La Russie veut redevenir une grande puissance

Vladimir Poutine ne le cache plus et en a fait un argument de campagne électorale: il veut que la Russie redevienne une grande puissance, à la fois politique, économique et militaire, à l'image de l'Union soviétique d'antan.
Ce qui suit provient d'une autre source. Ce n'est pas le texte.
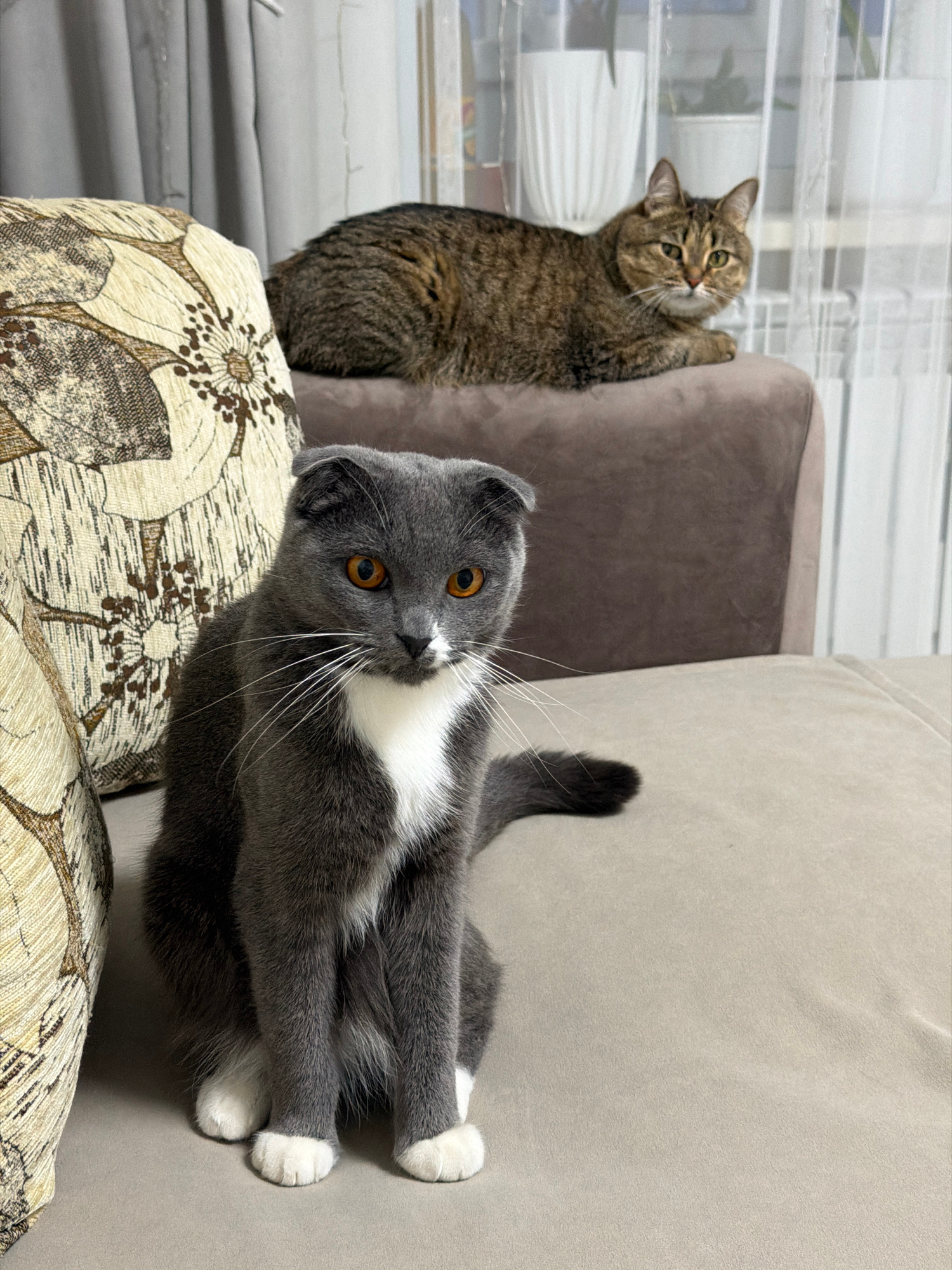 The image shows two cats in an indoor setting, likely a home. A tabby cat is standing on a patterned pillow or cushion, leaning against a brown upholstered object (possibly a chair or sofa armrest) ne…read more

A l'occasion de la visite à Moscou du secrétaire général de l'OTAN, George Robertson, à la mi-février, le numéro deux de l'état-major russe, le général Valéri Manilov, a fait savoir que les futures relations OTAN-Russie peuvent être rétablies "à certaines conditions". Celles-ci ont été visiblement suggérées par le nouveau maître du Kremlin: "la Russie doit être traitée sur un pied d'égalité (avec l'OTAN) dans l'évaluation des situations de crise", mais aussi dans "la mise au point des décisions" pour y faire face et "leur mise en £uvre". Et Manilov d'ajouter, pour éviter tout malentendu: "ces principes ont été inscrits dans l'Acte fondateur Russie-OTAN (signé en 1977) et grossièrement violés lors de l'agression de l'OTAN contre la Yougoslavie".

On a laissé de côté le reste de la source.